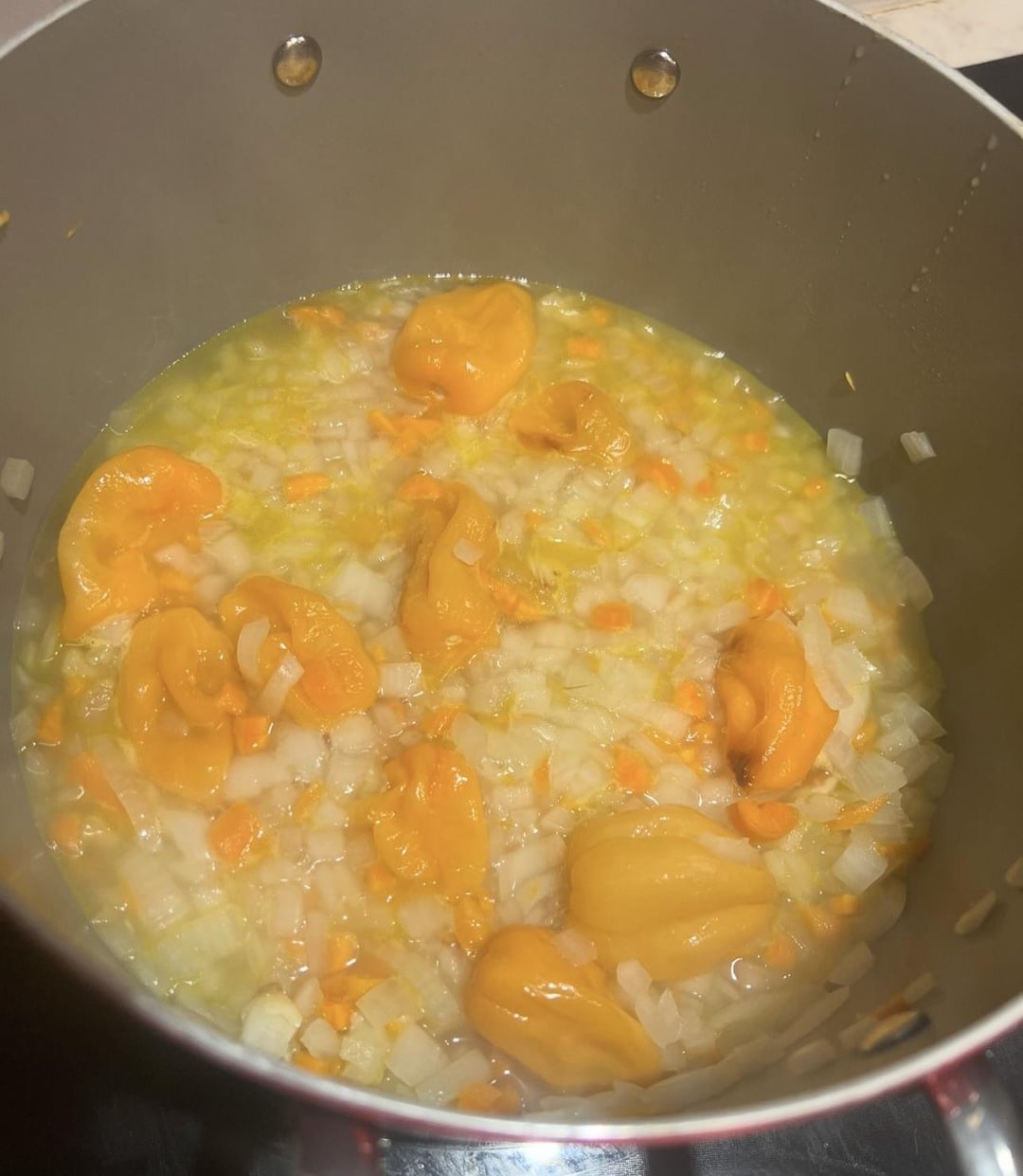 • 10 habanero peppers, seeded, halved • 6 cloves garlic, smashed • 2 tbsp olive oil, divided • 1 cup carrot, chopped • 1 onion, chopped • 1 ½ tsp salt • 2 cups water • ¼ cup white vinegar • ¼ cup lime juice
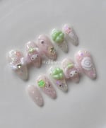 Absolutely adorable My Melody nails with a sweet twist! Featuring hand sculpted strawberry My Melody charms, clover detailing, and lots of confetti stars!
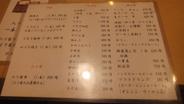 店頭のメニューから「八つ目鰻」や「もつ焼き」の表示が消えたので、お店の方に「上で、八つ目、食べられますか」と尋ねたところ、「食べられますよ」との答えだったので、案内された2階の窓際カウンター席で、一人いただいた。
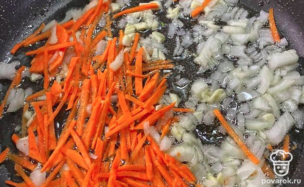 Ставим жарить лук, морковь и чеснок на медленный огонь.
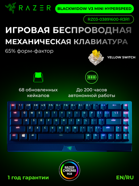 Игровая клавиатура Razer BlackWidow V3 Mini HyperSpeed - это сочетание стиля, функциональности и превосходного качества. Она предназначена для тех, кто ценит комфорт и производительность, и является отличным выбором для геймеров и профессионалов. Клавиатура оснащена механическими переключателями Razer Yellow Switch, которые обеспечивают плавное и точное нажатие клавиш. Благодаря этому, вы сможете быстро и без проблем выполнять сложные игровые задачи. Razer BlackWidow V3 Mini HyperSpeed имеет 68 клавиш, включая дополнительные клавиши и цифровой блок. Это позволяет вам легко переключаться между играми и рабочими приложениями. Клавиатура имеет RGB подсветку, которая может быть настроена в соответствии с вашими предпочтениями. Вы можете выбрать из 16,8 миллионов цветов и настроить эффекты подсветки, чтобы создать уникальную атмосферу. Razer BlackWidow V3 Mini HyperSpeed поддерживает подключение через USB и Bluetooth, что позволяет легко подключить клавиатуру к вашему компьютеру или мобильному устройству. Клавиатура изготовлена из прочного пластика и металла, что обеспечивает долговечность и надежность. Нескользящее основание гарантирует стабильность и безопасность использования. Razer BlackWidow V3 Mini HyperSpeed имеет гарантию на 2 года, что подтверждает качество и надежность продукта. Выбирая Razer BlackWidow V3 Mini HyperSpeed, вы получаете стильную, функциональную и надежную клавиатуру, которая станет незаменимым помощником в вашей игровой и профессиональной деятельности.
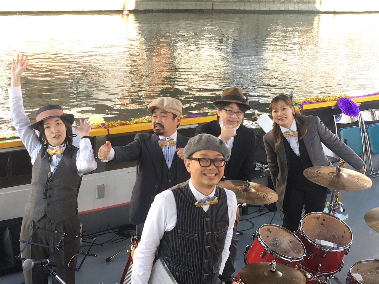 MJの出番はステージ船とジャズボートの2回。ステージ船では沿岸の皆様に沢山の拍手を頂き、ジャズボートも満員のお客様にご乗船頂けました。本当にありがとうございました!
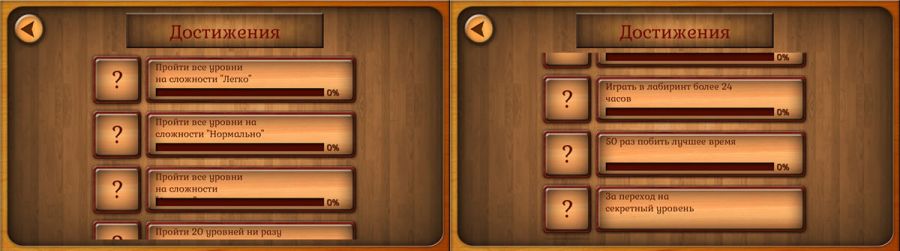 Данный раздел доступен с основного экрана приложения. Здесь вместо подсчетов в уме будет вестись некоторая статистика: учет уровней, когда вы ни разу не попали в лунку, количество попаданий в лунку и особое празднование этого действия на 1000-й раз, заходы в секретный уровень, подсчет времени до наступления первых 24 часов проведенных в Labirinth и др.
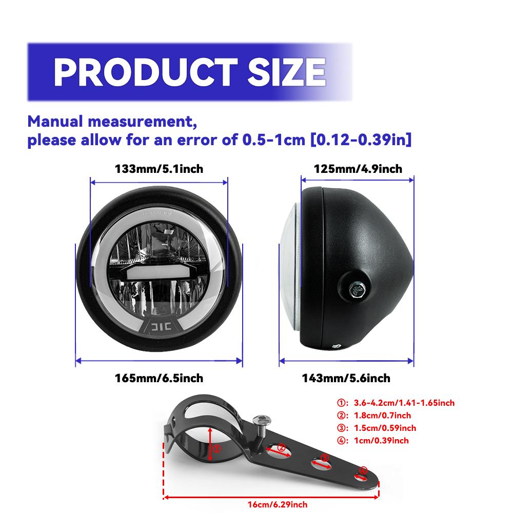 Retro Angel Eye HeadLight 6.5" Motorcycle LED Headlight 12V Headlamp For Harley Cafe Racer Bobber For Yamaha For Honda
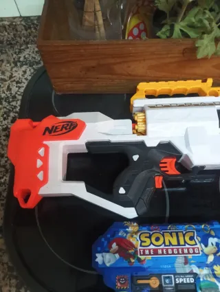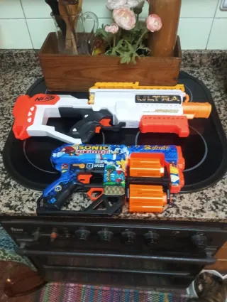 Se venden dos pistolas Nerf de colección, un modelo grande y otro con diseño de Sonic. - Pistola Nerf Ultra. - Pistola Nerf Sonic The Hedgehog. - Ambas son de gran tamaño.
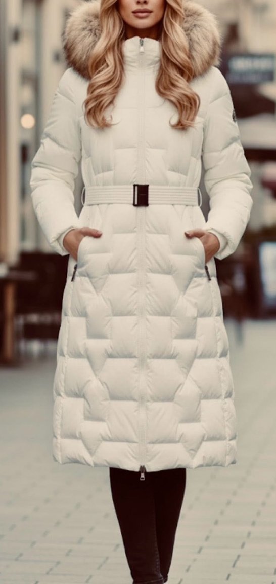Ένα εντυπωσιακό και εξαιρετικά ζεστό μακρύ Puffer μπουφάν σε φωτεινό λευκό χρώμα. Η στενή, θηλυκή γραμμή του κολακεύει τη σιλουέτα, ενώ προσφέρει μέγιστη προστασία από το κρύο.
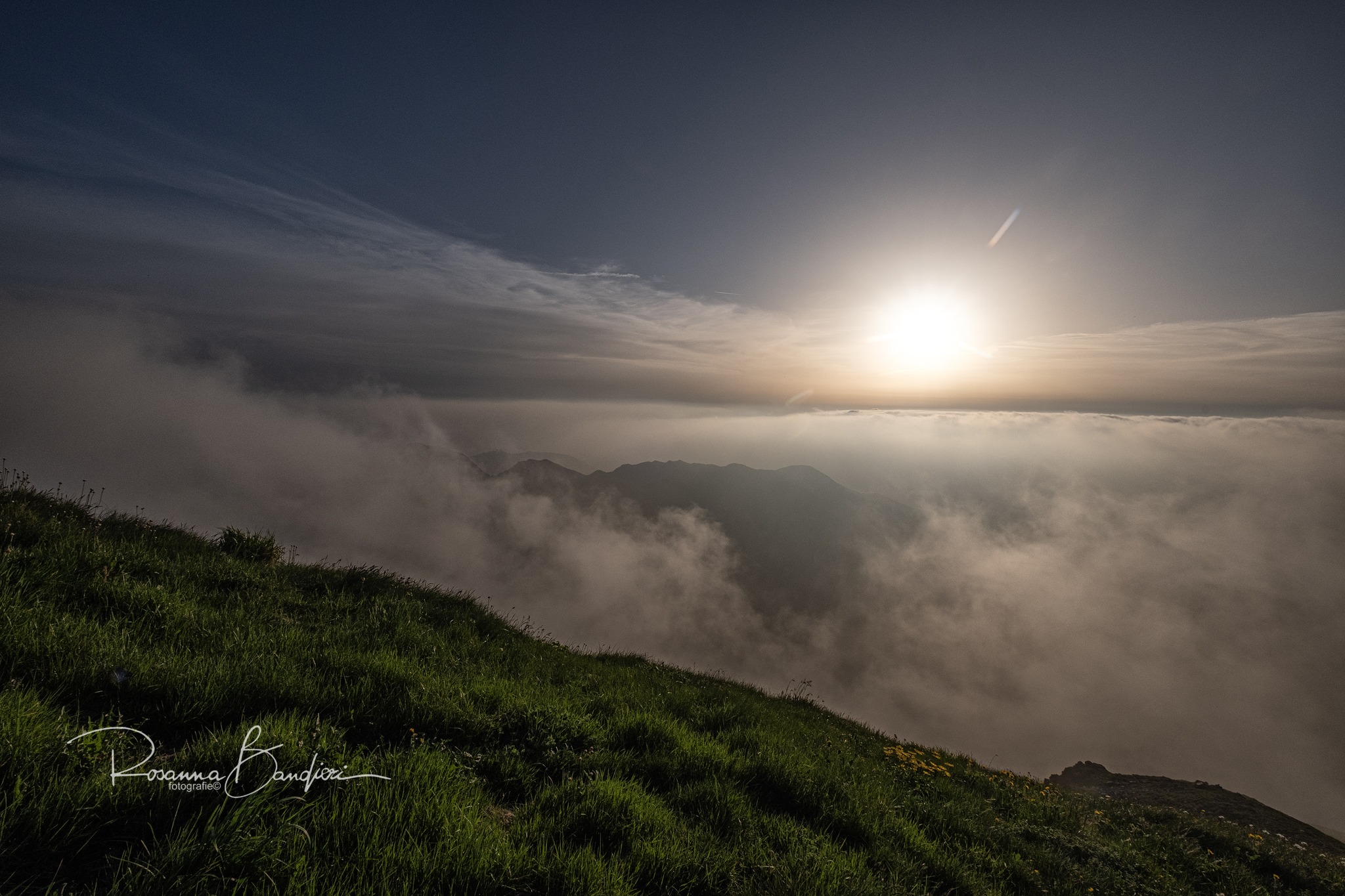 Ancora una suggestione fiabesca catturata da chi quelle cime le conosce come le proprie tasche, parliamo di Rosanna Bandieri che dall'alto dell'Alpe di Succiso tocca e fora le nuvole presenti contro il Crinale. Uno scatto in grande contrapposizione rispetto ai 36°C che quel giorno venivano toccati in Pianura sotto una cappa di fumi da incendi del Canada e qualche granello di polvere del deserto.
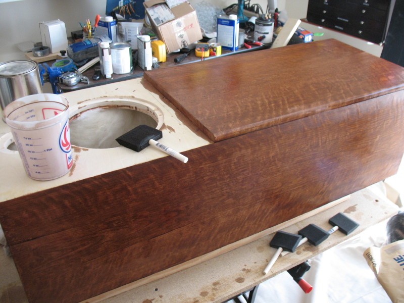 Those restrictions, together with the so-so quality of the veneer and a veneering issue I'll get into later, pointed toward using Watco, a Linseed Oil-based finish. The time factor also meant no fancy mixing of artists colors with the oil to make a custom color; I want to hear these speakers, not put'm in a museum.
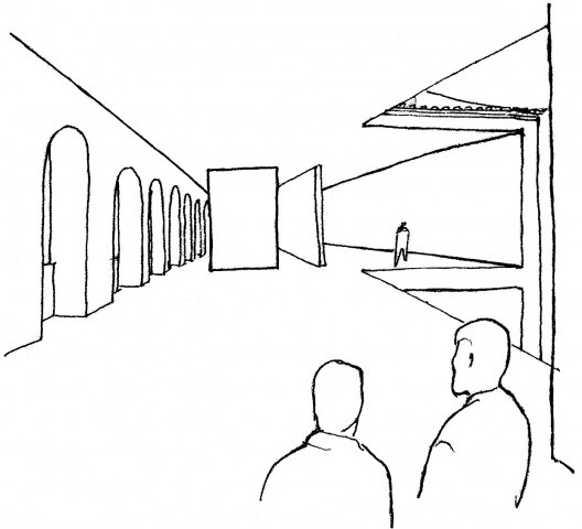 Em relação à arquitetura moderna, não precisamos ir muito longe. Aqui perto, no Cassino da Pampulha, utilizando vazios estruturais, suaves rampas de acesso, paredes de vidro e superfícies espelhadas consegue-se a sensação de espaço unitário, contínuo, fugidio, imenso. Do mesmo arquiteto, destacamos o extraordinário projeto do Museu de Arte Moderna de Caracas. É curioso verificar que, neste projeto, a sensação de espaço fugidio, de construção “desmaterializada” não é conseguida com o uso já consagrado das paredes de vidro, mas pela eliminação dos tradicionais elementos de suporte (colunas por tirantes), o uso da luz natural (sheds reguláveis) e, principalmente, pelo uso da luz artificial lançada de ricochete sobre as paredes perimetrais, já inclinadas, para “dissolvê-las” visualmente. Neste projeto obtém-se a reunificação de todo espaço construído pela integração vertical dos espaços superpostos através dos vazios existentes nas lajes e, paralelamente, consegue-se o superdimensionamento psicológico do mesmo pelo confronto de escalas, isto é, pela brusca transição de uma entrada “estrangulada” para a totalidade do espaço construído.
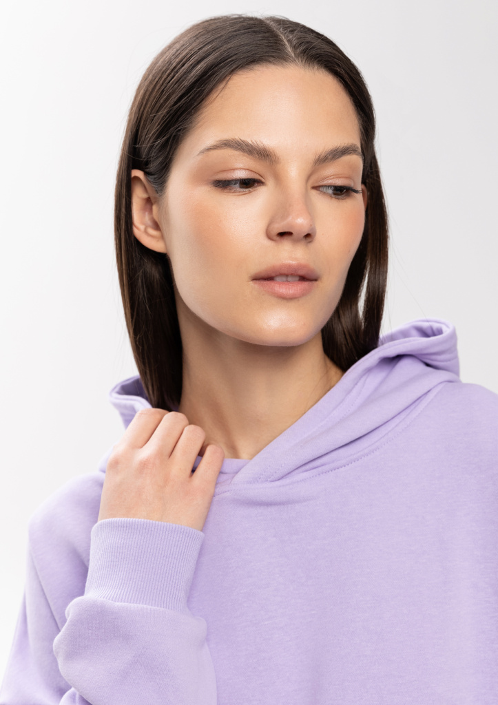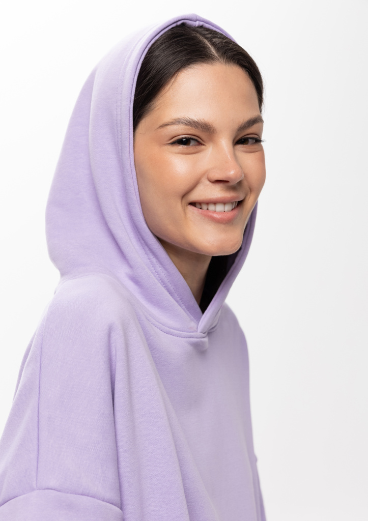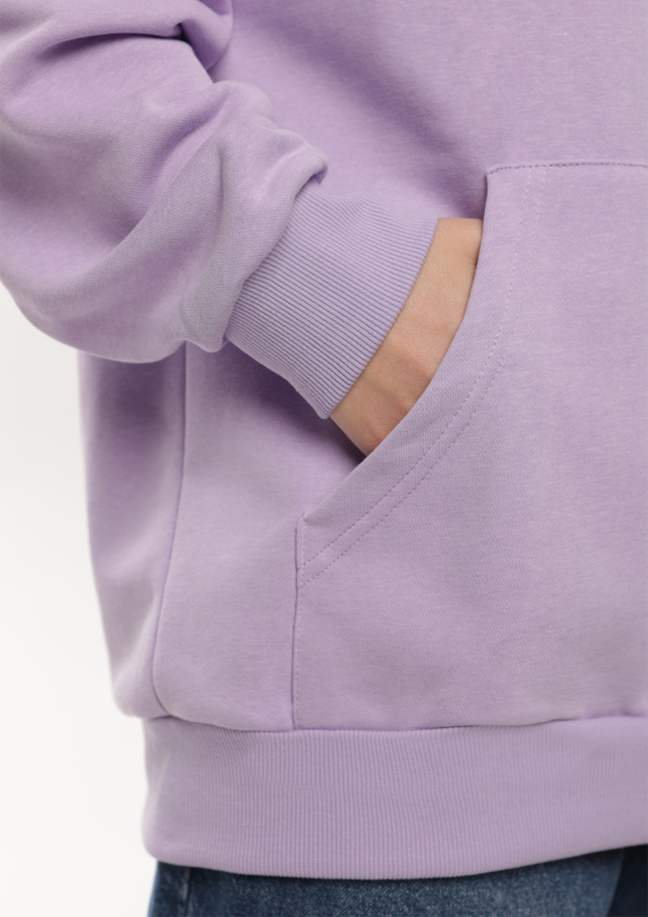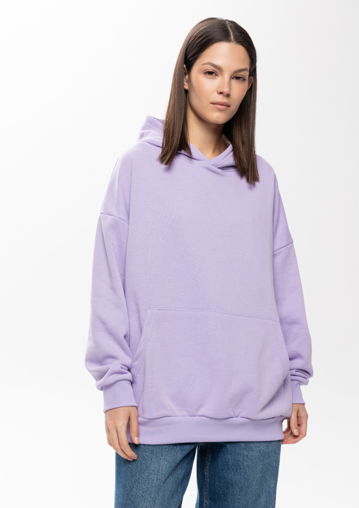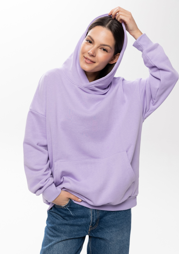 Универсальная толстовка свободного силуэта с капюшоном комфортной глубины, спущенной линией плеча и глубоким карманом-кенгуру. Манжет и низ изделия оформлены широкой эластичной резинкой.

**Instructions for the task**
The answer must be the part of the records that opens with the line containing "Those restrictions, together" and closes with the line containing "Em relação à", reproduced exactly, with no pictures.

**Answer to the exercise**
 Those restrictions, together with the so-so quality of the veneer and a veneering issue I'll get into later, pointed toward using Watco, a Linseed Oil-based finish. The time factor also meant no fancy mixing of artists colors with the oil to make a custom color; I want to hear these speakers, not put'm in a museum.
 Em relação à arquitetura moderna, não precisamos ir muito longe. Aqui perto, no Cassino da Pampulha, utilizando vazios estruturais, suaves rampas de acesso, paredes de vidro e superfícies espelhadas consegue-se a sensação de espaço unitário, contínuo, fugidio, imenso. Do mesmo arquiteto, destacamos o extraordinário projeto do Museu de Arte Moderna de Caracas. É curioso verificar que, neste projeto, a sensação de espaço fugidio, de construção “desmaterializada” não é conseguida com o uso já consagrado das paredes de vidro, mas pela eliminação dos tradicionais elementos de suporte (colunas por tirantes), o uso da luz natural (sheds reguláveis) e, principalmente, pelo uso da luz artificial lançada de ricochete sobre as paredes perimetrais, já inclinadas, para “dissolvê-las” visualmente. Neste projeto obtém-se a reunificação de todo espaço construído pela integração vertical dos espaços superpostos através dos vazios existentes nas lajes e, paralelamente, consegue-se o superdimensionamento psicológico do mesmo pelo confronto de escalas, isto é, pela brusca transição de uma entrada “estrangulada” para a totalidade do espaço construído.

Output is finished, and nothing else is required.